Autores principais:Ruivo, Sandra Cristina Rosa
Assunto:Market Risk Value-at-Risk Volatility Forecasting TGARCH Backtesting
Ano:2007
País:Portugal
Tipo de documento:dissertação de mestrado
Tipo de acesso:acesso aberto
Instituição associada:Universidade de Lisboa
Idioma:inglês
Origem:Repositório da Universidade de Lisboa
Descrição
Resumo:Value-at-Risk (VaR) has emerged in recent years as a standard tool to measure and control the risk, mainly the market risk, of financial portfolios. It measures the worst loss to be expected of a portfolio over a given time horizon at a given level of confidence. The calculation of Value-at-Risk commonly, involves estimation of the volatility return price and quantile of standardized returns.
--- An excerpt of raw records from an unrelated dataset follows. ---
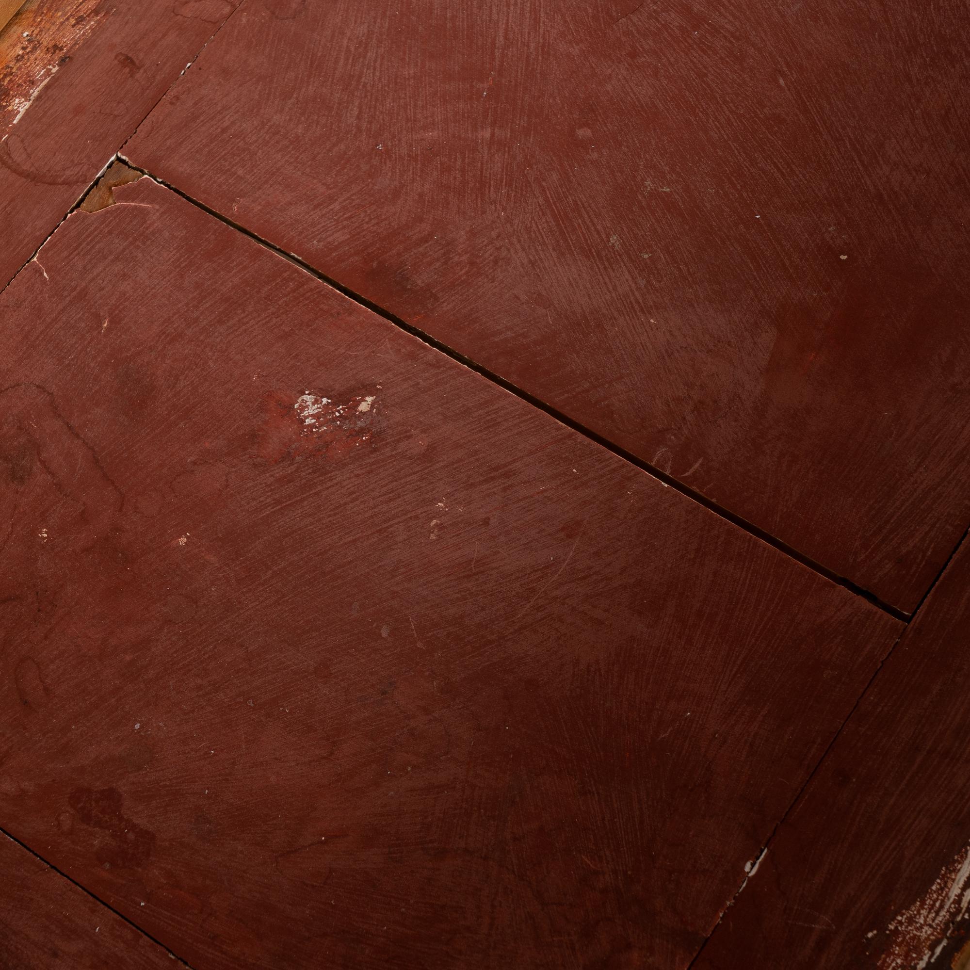 The tabletop lifts and rests on an extending support arm, revealing a mirrored interior and shallow storage cavity approximately 3 inches deep. The interior bottom shows age-related separation and surface wear and retains the distressed burgundy painted finish applied at a later time. This concealed compartment would have served as discreet storage for jewelry or personal items.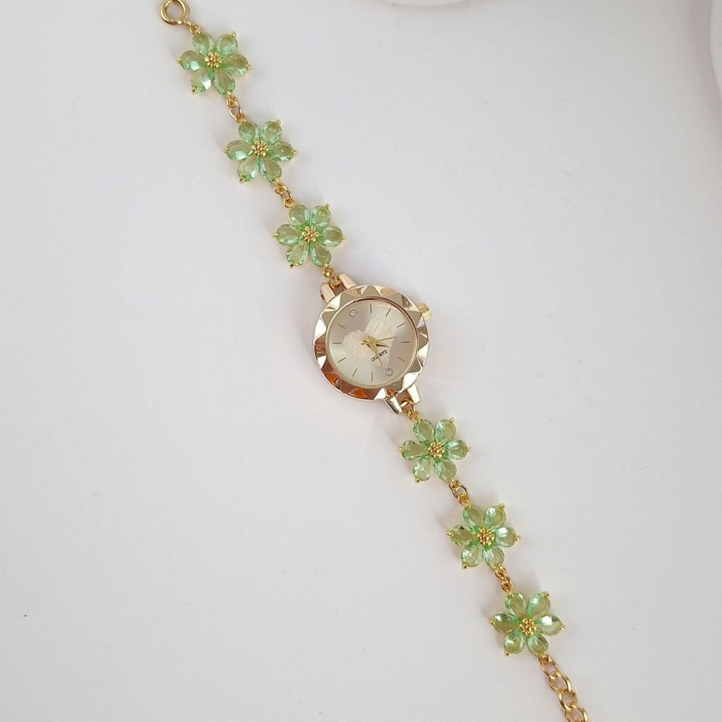 ساعت گل ششپر سواروسکی سبز | ساعت زنانه خاص و فشن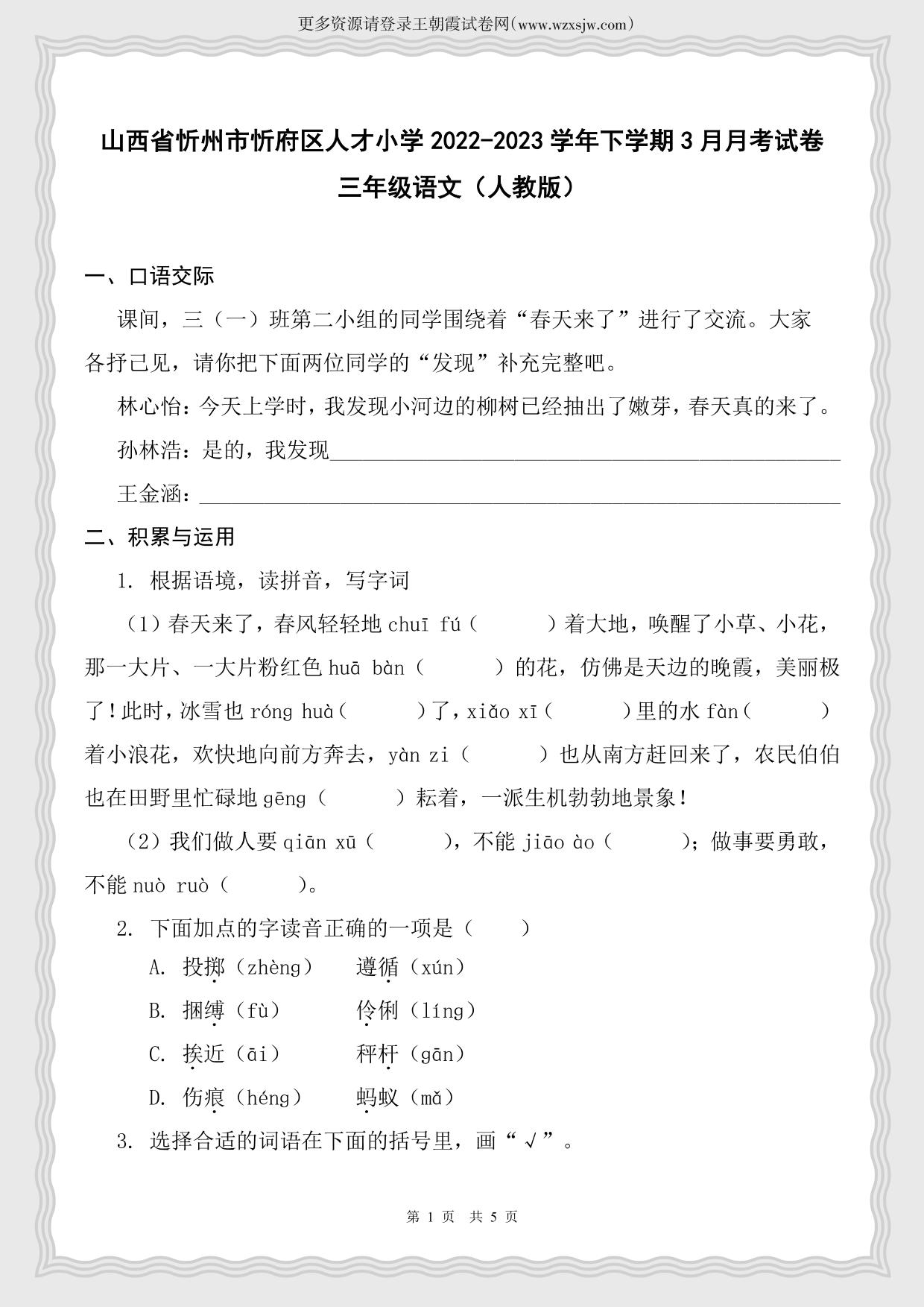 山西省忻州市忻府区人才小学2022-2023学年下学期3月月考试卷三年级语文(人教版)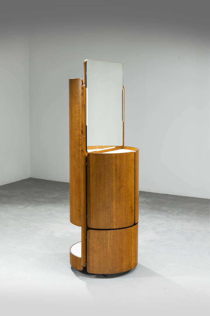 Mobile girevole da centro a forma cilindrica con appendiabiti interno, portaoggetti e specchio.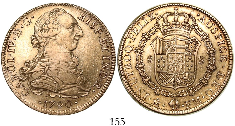 Mexico City, Mexico, bust 8 escudos, Charles IV transitional (bust of Charles III, ordinal IV), 1790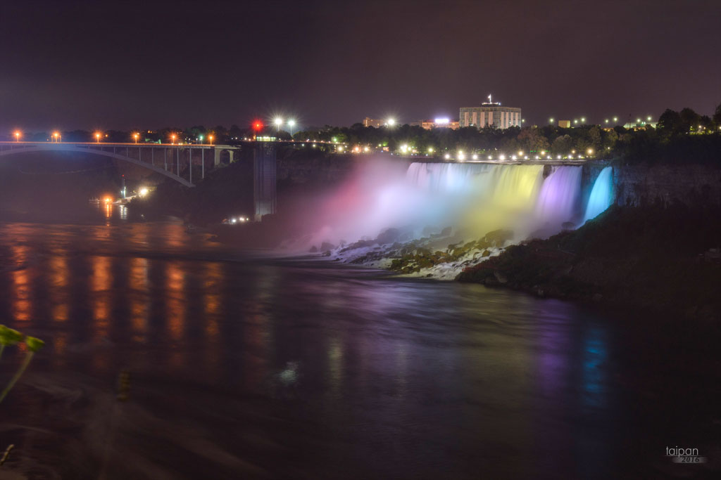 Podświetlany wodospad Niagara widziany od strony kanadyjskiej.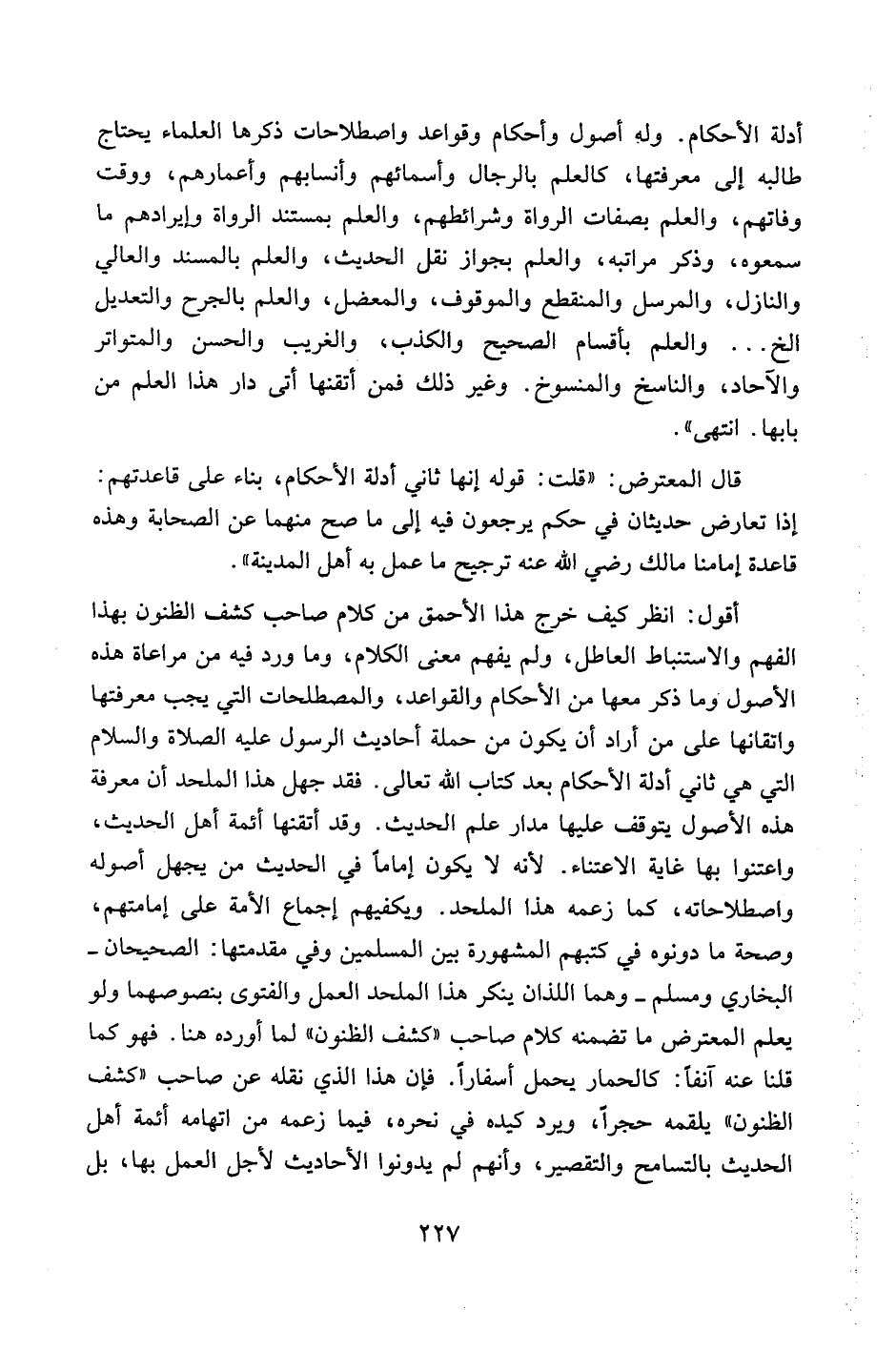أقول: انظر كيف خرج هذا الأحمق من كلام صاحب كشف الظنون بهذا الفهم والاستنباط العاطل، ولم يفهم معنى الكلام، وما ورد فيه من مراعاة هذه الأصول وما ذكر معها من الأحكام والقواعد، والمصطلحات التي يجب معرفتها واتقانها على من أراد أن يكون من حملة أحاديث الرسول عليه الصلاة والسلام التي هي ثاني أدلة الأحكام بعد كتاب الله تعالى. فقد جهل هذا الملحد أن معرفة هذه الأصول يتوقف عليها مدار علم الحديث. وقد أتقنها أئمة أهل الحديث، واعتنوا بها غاية الاعتناء. لأنه لا يكون إماماً في الحديث من يجهل أصوله واصطلاحاته، كما زعمه هذا الملحد. ويكفيهم إجماع الأمة على إمامتهم، وصحة ما دونوه في كتبهم المشهورة بين المسلمين وفي مقدمتها: الصحيحان – البخاري ومسلم – وهما اللذان ينكر هذا الملحد العمل والفتوى بنصوصهما ولو يعلم المعترض ما تضمنه كلام صاحب "كشف الظنون" لما أورده هنا. فهو كما قلنا عنه آنفاً: كالحمار يحمل أسفاراً. فإن هذا الذي نقله عن صاحب "كشف الظنون" يلقمه حجراً، ويرد كيده في نحره، فيما زعمه من اتهامه أئمة أهل الحديث بالتسامح والتقصير، وأنهم لم يدونوا الأحاديث لأجل العمل بها، بل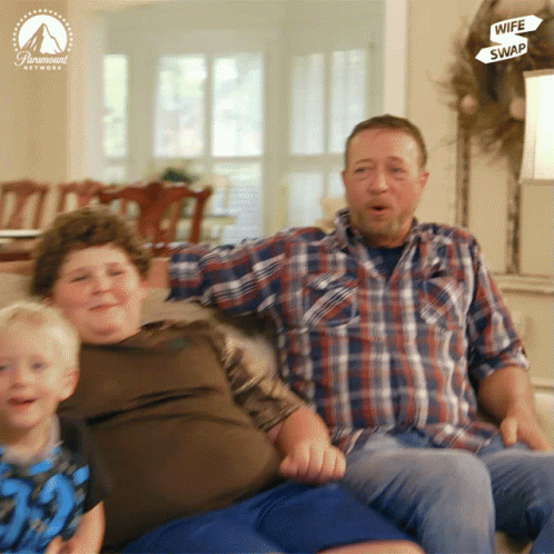 A man from the Mullis Family reacts with shock and surprise during an intense moment on Wife Swap.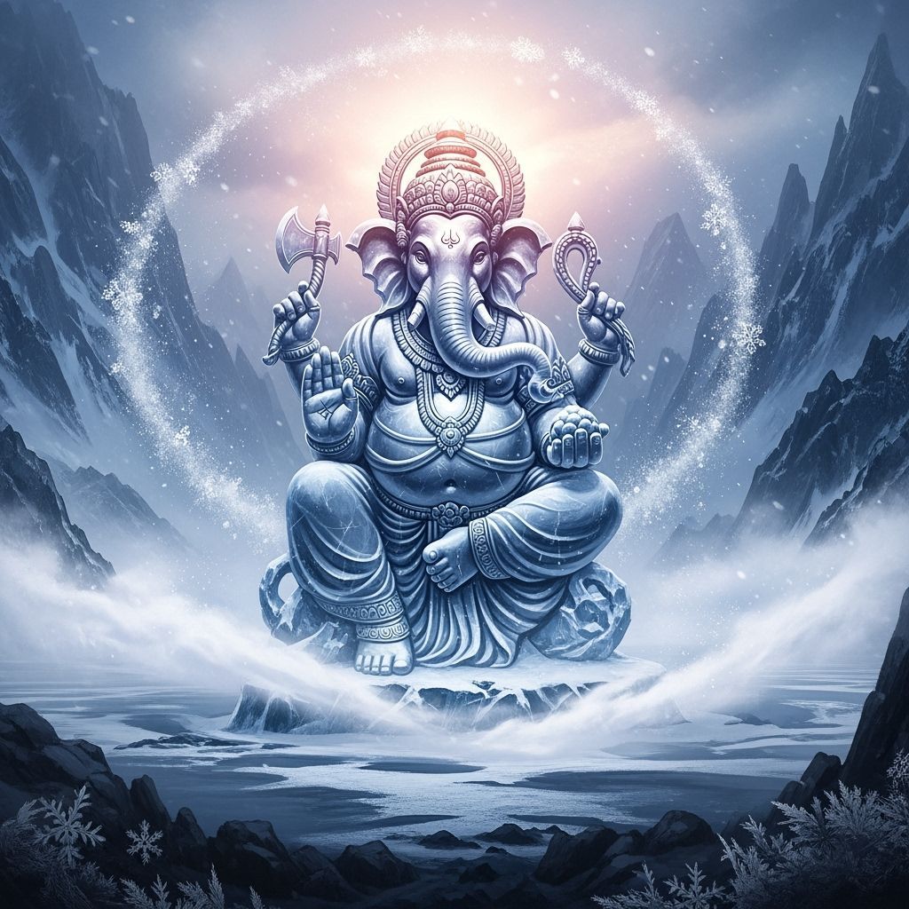 This image shows a breathtaking ice sculpture of Lord Ganesha emitting a serene divine light. The sculpture is surrounded by a swirling flurry of snowflakes in a dramatic frozen landscape with towering mountains. The image has a dark fantasy concept art aesthetic.

In this paper, two parametric techniques were used to estimate the volatility of the returns (market prices) of a Portuguese Financial Institution portfolio. Although to achieve the quantiles of standardized returns, both parametric technique and one nonparametric technique were considered. The quality of the measuring result was analysed through the backtesting technique for the forecasting multiperiod. In this study it is revealed that AR(1)-TGARCH methodology produces the most accurate VaR forecast, for one day holding period. The volatility forecasts for the two other holding periods, considering the three methodologies, revealed to be biased.